Tom was still to be found serving under the Salvos’ flag as an 86-year-old ‘soldier’ in Queensland – collecting more than £60 for the 1947 Self Denial appeal.God knows you can’t keep an old battler down.

 

Girls on one side and boys on the other

 


At one time, Salvation Army officers could only marry Salvation Army officers, officer cadets had to ensure they had permission from training college staff to seek out a possible romantic relationship with another cadet or an officer, and people applying to be candidates for officership were sometimes grilled on their dating history and likely dating decisions.

 

Those scenarios may seem weird or even cult-like to young people and contemporary Salvos, and intrusively controlling in the light of now-existing understandings of privacy and inter-personal notions of dignity and respect, but in earlier times, the Army was big on avoiding the appearance of evil – perception, and PR – as well as trying to help people avoid any actual real wrongdoings or hurt feelings.

 

This even extended to Salvation Army architecture, with the ‘old Training College’ in the Melbourne CBD (pre-Royal Parade in Carlton) having a men’s staircase and a women’s staircase.

 

In the photo above, male cadets of the Hold Fast session are photographed in the ‘Women’s Side Quadrangle’. The men, we are told, were not ‘wife hunting’, and Commissioner Sumsion (seated) “agreed to be photographed with the group”, according to a report.

 

Settling matters in the Top End

 

Brigadier Vic Pedersen never forgot one experience during his time serving in the Top End.

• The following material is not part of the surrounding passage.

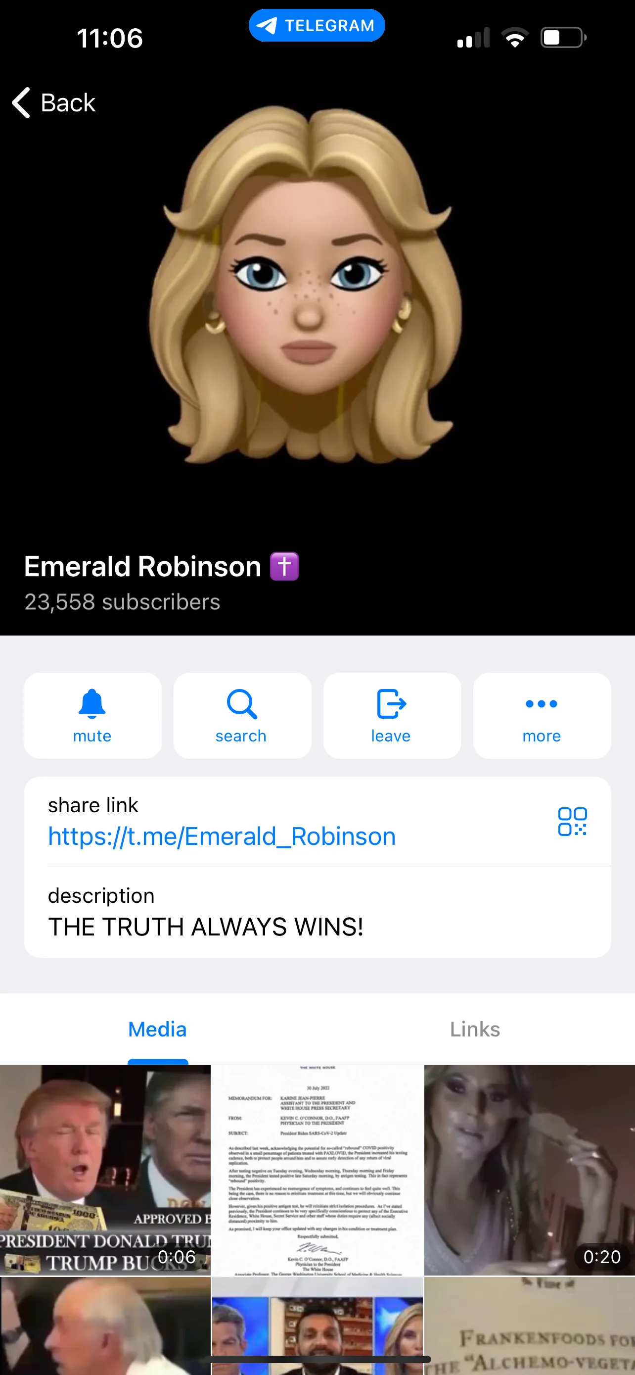 My lawyers have reached out to the “Trump bucks” people as well — and, suddenly, my face disappeared recently from the fake Emerald Robinson account on Telegram. It was replaced with a generic cartoon image.

They did things differently in Australia’s Northern Territory in the 1940s.

 

In the 1970s, the late Brigadier Vic Pedersen OF MBE recalled a boat trip out to a leprosarium that had been established on Channel Island near Darwin when a spear fight broke out between two of the lepers.

 

The Salvation Army officer, who was the Salvos’ first flying padre, told the War Cry:  “... the trouble began with one native breaking the tenth commandment and coveting his neighbour's wife. The eighth and seventh commandments then became casualties as he stole and possessed her. This was an insult that could not be ignored, and “Captain’, the wronged man, tried his best to break the sixth commandment and kill the offender. Others took sides, and in the battle, “Captain’ was hit in the back with a spear. We took him back with us that night to be admitted to Darwin Hospital. The other man was injured also, but his wounds could be treated on the island. In the launch, Captain was quite cheerful. Blood had been shed on both sides, and it seemed everyone was satisfied.”

 

Not sure how satisfied the unnamed wife was with all the palaver, as she was reduced to a disputed possession. It was certainly a case of different times and far different attitudes and responses.